Add documentation about encoding

Signed-off-by: David A. Wheeler <dwheeler@dwheeler.com>
2017-08-26 17:51:27 -04:00 · 2017-08-26 17:51:27 -04:00 · cead0828ef
parent b1d1b2e74d
commit cead0828ef
1 changed files with 46 additions and 1 deletions
--- a/flawfinder.1
+++ b/flawfinder.1
@ -413,7 +413,7 @@ This will often work, but the line numbers will be relative
 to the beginning of the patch file, not the positions in the
 source code.
 Note that you \fBmust\fR also provide the actual files to analyze,
-and not just the patch file; when using \f\-P\fR files are only reported
+and not just the patch file; when using \fB\-P\fR files are only reported
 if they are both listed in the patch and also listed (directly or indirectly)
 in the list of files to analyze.

@ -585,6 +585,51 @@ The difference algorithm is conservative;
 hits are only considered the ``same'' if they have the same
 filename, line number, column position, function name, and risk level.

+.SS "Character Encoding"
+
+Flawfinder presumes that the character encoding your system uses is
+also the character encoding used by your source files.
+Even if this isn't correct, if you run flawfinder with Python 2
+these non-conformities often do not impact processing in practice.
+
+However, if you run flawfinder with Python 3, this can be a problem.
+Python 3 wants the world to always use encodings perfectly correctly,
+everywhere, even though the world often doesn't care what Python 3 wants.
+This is a problem even if the non-conforming text is in comments or strings
+(where it often doesn't matter).
+Python 3 fails to provide useful built-ins to deal with
+the messiness of the real world, so it's
+non-trivial to deal with this problem without depending on external
+libraries (which we're trying to avoid).
+
+A symptom of this problem
+is if you run flawfinder and you see an error message like this:
+
+\fIUnicodeDecodeError: 'utf-8' codec can't decode byte ... in position ...:
+invalid continuation byte\fR
+
+If this happens to you, there are several options.
+
+The first option is to
+convert the encoding of the files to be analyzed so that it's
+a single encoding (usually the system encoding).
+For example, the program "iconv" can be used to convert encodings.

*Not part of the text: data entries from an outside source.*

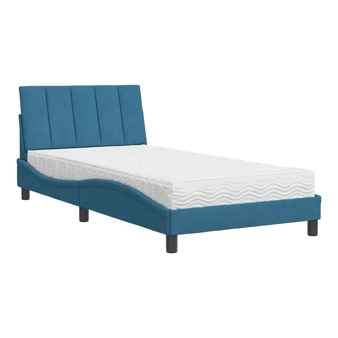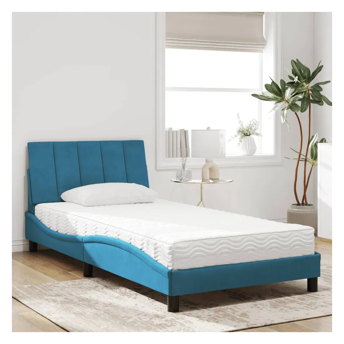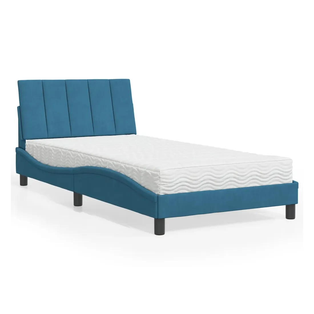 Obtenez une meilleure nuit de sommeil reposante grâce à ce lit avec matelas ! Il est un supplément accueillant à toute chambre à coucher. Velours doux : le velours est un tissu doux et confortable, agréable au toucher.Lattes de contreplaqué : les lattes de contreplaqué assurent une bonne répartition du poids, garantissant que le matelas reste en place à chaque torsion de votre corps pendant le sommeil.Excellent soutien : la tête de lit vous offre un excellent soutien du dos lorsque vous êtes assis dans votre lit pour lire ou regarder la télévision.Matelas en mousse : ce matelas de lit en tissu à 3 couches est rempli de mousse PU 22D pour un confort optimal. Il contribue à soulager la fatigue et à favoriser la circulation sanguine, vous offrant ainsi une relaxation complète et une bonne qualité de sommeil. En outre, le matelas est disponible en dureté H2 et H3, de sorte que vous pouvez simplement tourner le matelas pour choisir la dureté qui vous convient le mieux.Design latéral ondulé : l’aspect ondulé du cadre de lit est élégant et sophistiqué, ajoutant une touche moderne et élégante à votre décor, ce qui en fait le point central de votre chambre à coucher.
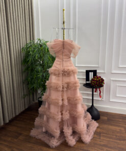 فستان سهرة وردي فاتح بطبقات من الكشاكش – إطلالة ملكية من متجر سعودي
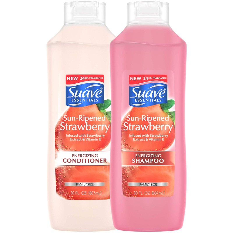 • Suave Essentials Sun-Ripened Strawberry Conditioner gently conditions hair
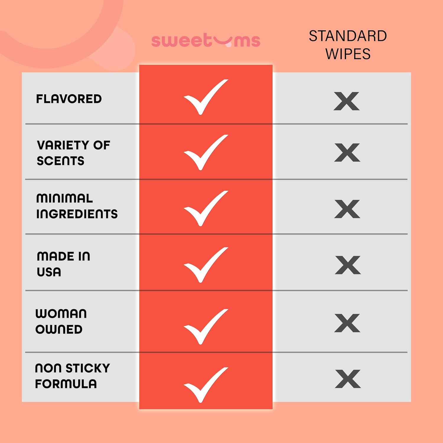- DELICIOUS & REFRESHING - Sweetums flavored wipes are the only female wipes that helps with both personal hygiene, and has a natural flavor that tastes and smells great!
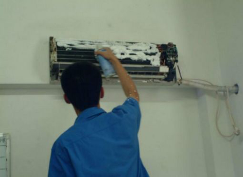 | 长安空调维修师傅给长安用户上门维修清洗空调。 |
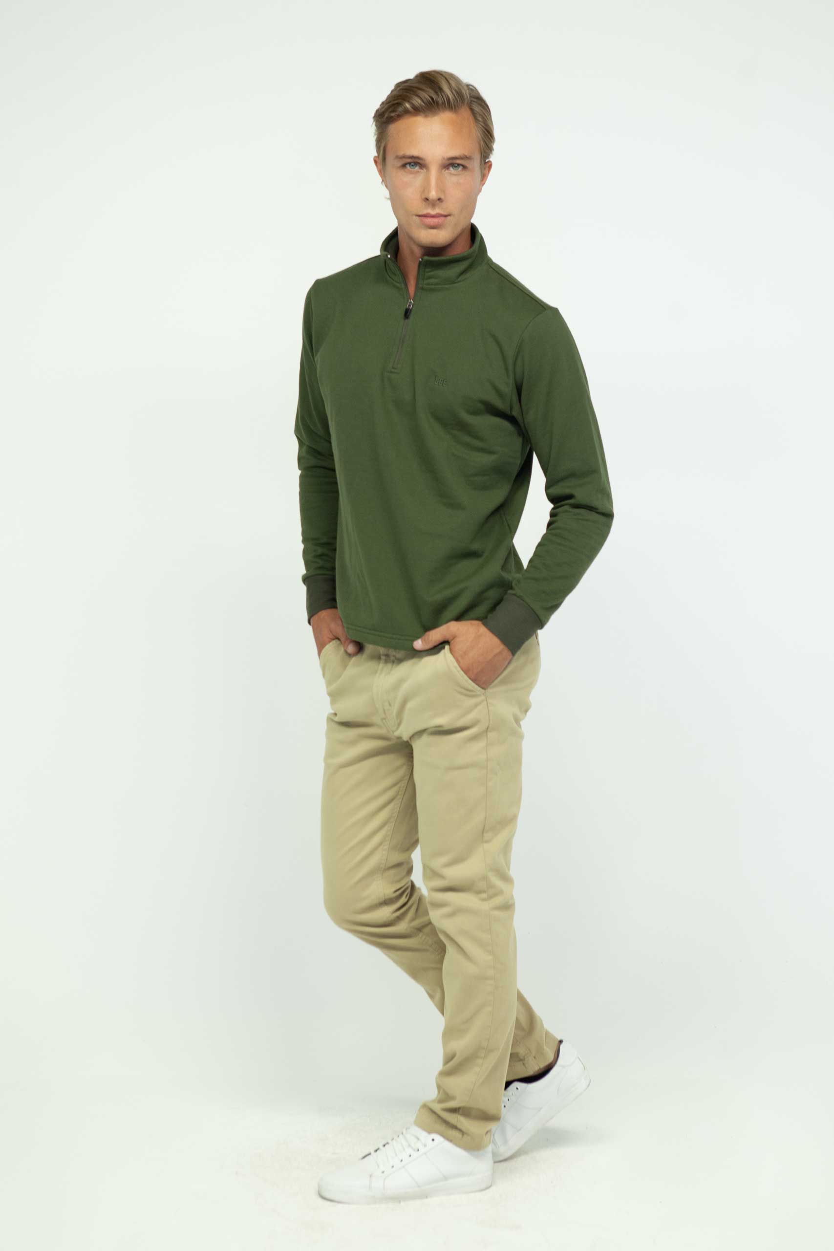 Buzo Hombre Regular Essential Half Zip Verde SS3

+This works well if some files have one encoding, and some have another,
+but they are consistent within a single file.
+If the files have encoding errors, you'll have to fix them.

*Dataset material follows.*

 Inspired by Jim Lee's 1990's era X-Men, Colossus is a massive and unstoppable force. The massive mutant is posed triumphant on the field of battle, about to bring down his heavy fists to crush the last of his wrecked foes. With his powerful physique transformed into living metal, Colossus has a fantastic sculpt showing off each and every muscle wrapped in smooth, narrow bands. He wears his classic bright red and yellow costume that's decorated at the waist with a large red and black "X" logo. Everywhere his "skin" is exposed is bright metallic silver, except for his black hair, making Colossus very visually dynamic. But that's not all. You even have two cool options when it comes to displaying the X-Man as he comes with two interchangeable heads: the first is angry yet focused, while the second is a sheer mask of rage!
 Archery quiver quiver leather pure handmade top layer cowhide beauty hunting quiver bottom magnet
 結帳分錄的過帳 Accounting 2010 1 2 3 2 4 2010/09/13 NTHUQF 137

+I strongly recommend using the UTF-8 encoding for any source code;
+if you do that, many problems disappear.
+
+The second option is to
+tell flawfinder what the encoding of the files is.
+E.G., you can set the LANG environment variable.

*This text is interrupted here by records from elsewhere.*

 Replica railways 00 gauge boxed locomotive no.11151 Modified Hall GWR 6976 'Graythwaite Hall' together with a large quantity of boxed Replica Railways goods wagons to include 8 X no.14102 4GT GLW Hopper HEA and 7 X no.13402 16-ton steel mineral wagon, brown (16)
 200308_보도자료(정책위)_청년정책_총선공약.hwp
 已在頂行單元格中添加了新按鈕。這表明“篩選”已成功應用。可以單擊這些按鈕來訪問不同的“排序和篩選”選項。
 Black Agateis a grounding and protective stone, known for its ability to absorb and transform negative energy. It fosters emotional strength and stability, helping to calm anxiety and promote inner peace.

+You can set PYTHONIOENCODING to
+the encoding you want your output to be in, if that's different.
+This in theory would work well, but I haven't had much success with this.
+
+The third option is to run flawfinder using Python 2 instead of Python 3.
+E.g., "python2 flawfinder ...".
+
 .SH EXAMPLES

 Here are various examples of how to invoke flawfinder.